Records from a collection
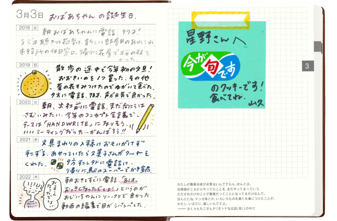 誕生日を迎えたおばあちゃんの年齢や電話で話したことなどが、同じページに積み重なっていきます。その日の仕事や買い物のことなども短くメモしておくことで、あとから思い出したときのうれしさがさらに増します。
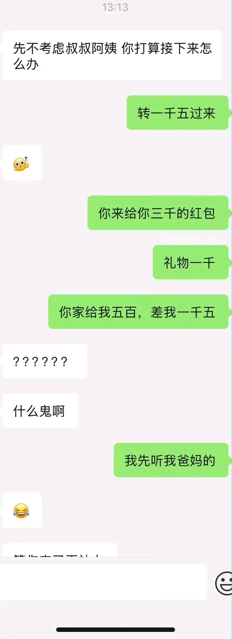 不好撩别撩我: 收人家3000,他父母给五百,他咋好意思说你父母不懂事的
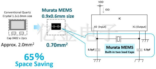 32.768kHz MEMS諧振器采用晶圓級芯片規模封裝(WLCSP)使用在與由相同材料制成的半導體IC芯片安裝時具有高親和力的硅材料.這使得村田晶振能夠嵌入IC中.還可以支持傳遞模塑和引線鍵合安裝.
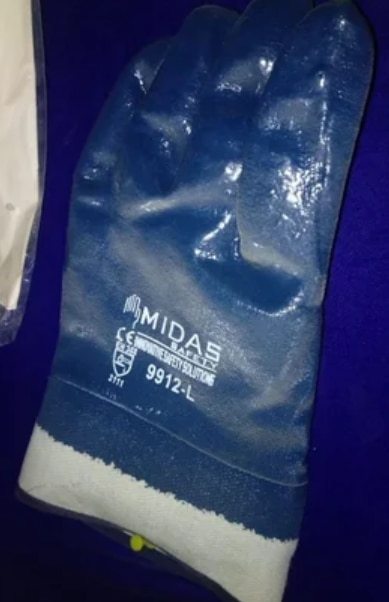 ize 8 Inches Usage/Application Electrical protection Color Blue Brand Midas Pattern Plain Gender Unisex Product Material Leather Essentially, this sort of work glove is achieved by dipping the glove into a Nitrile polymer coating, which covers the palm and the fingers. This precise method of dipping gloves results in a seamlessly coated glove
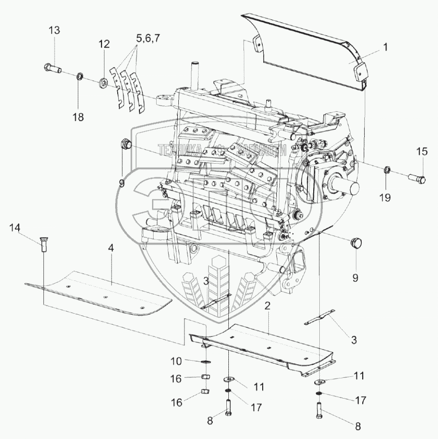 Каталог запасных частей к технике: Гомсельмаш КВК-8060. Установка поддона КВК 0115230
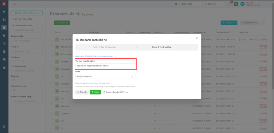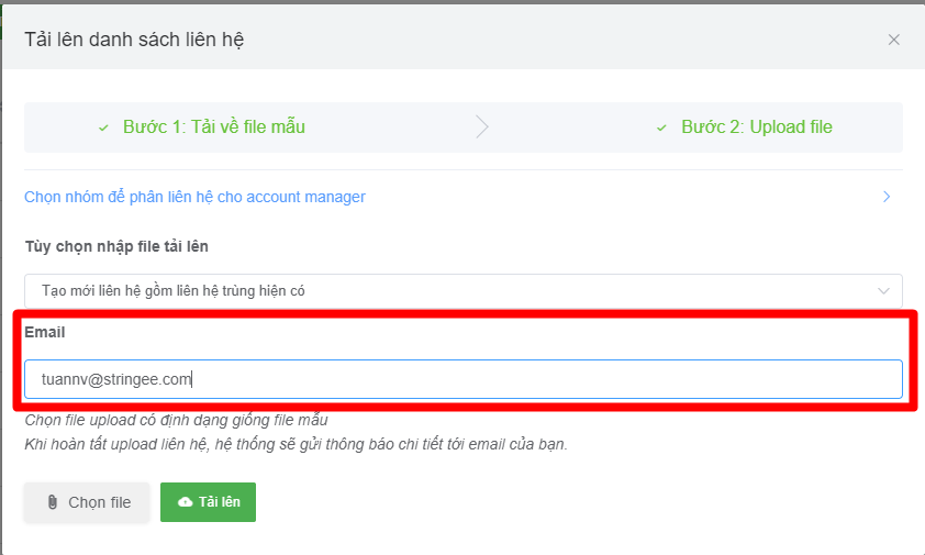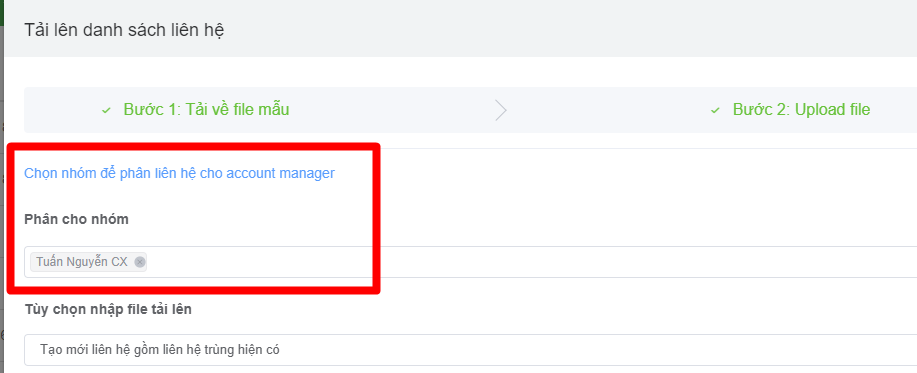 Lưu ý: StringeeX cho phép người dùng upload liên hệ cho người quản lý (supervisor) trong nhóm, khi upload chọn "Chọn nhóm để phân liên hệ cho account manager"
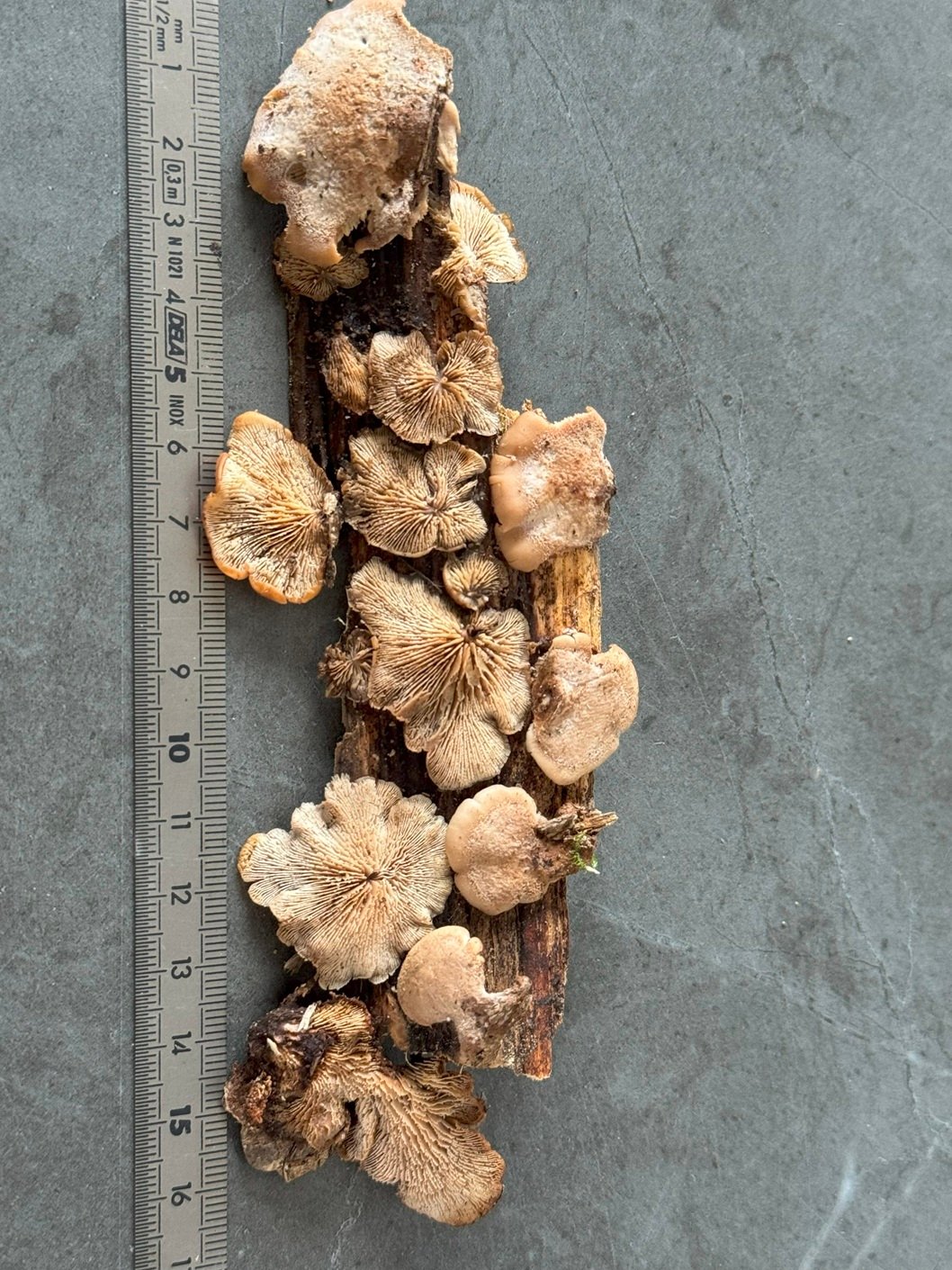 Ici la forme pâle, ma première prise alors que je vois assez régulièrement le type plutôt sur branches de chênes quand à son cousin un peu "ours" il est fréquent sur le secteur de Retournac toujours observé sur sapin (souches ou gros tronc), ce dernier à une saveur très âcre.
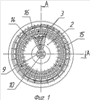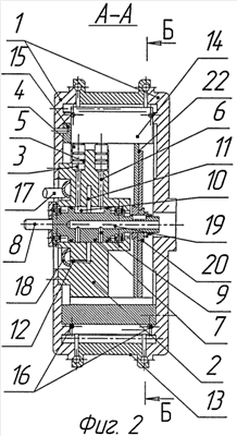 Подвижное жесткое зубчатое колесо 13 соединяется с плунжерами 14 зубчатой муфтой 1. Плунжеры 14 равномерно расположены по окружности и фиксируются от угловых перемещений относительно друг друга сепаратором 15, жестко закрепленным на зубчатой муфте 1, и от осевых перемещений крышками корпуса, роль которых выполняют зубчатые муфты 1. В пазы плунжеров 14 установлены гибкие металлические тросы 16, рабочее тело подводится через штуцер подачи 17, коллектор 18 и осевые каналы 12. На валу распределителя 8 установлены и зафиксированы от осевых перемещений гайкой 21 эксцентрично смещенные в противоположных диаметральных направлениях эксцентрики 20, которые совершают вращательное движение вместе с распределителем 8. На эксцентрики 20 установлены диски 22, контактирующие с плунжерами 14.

Aim of the exercise: The answer must be the lines of the entries above, written out exactly from the first through the one with "32.768kHz MEMS", and no pictures.

Your solution:
 誕生日を迎えたおばあちゃんの年齢や電話で話したことなどが、同じページに積み重なっていきます。その日の仕事や買い物のことなども短くメモしておくことで、あとから思い出したときのうれしさがさらに増します。
 不好撩别撩我: 收人家3000,他父母给五百,他咋好意思说你父母不懂事的
 32.768kHz MEMS諧振器采用晶圓級芯片規模封裝(WLCSP)使用在與由相同材料制成的半導體IC芯片安裝時具有高親和力的硅材料.這使得村田晶振能夠嵌入IC中.還可以支持傳遞模塑和引線鍵合安裝.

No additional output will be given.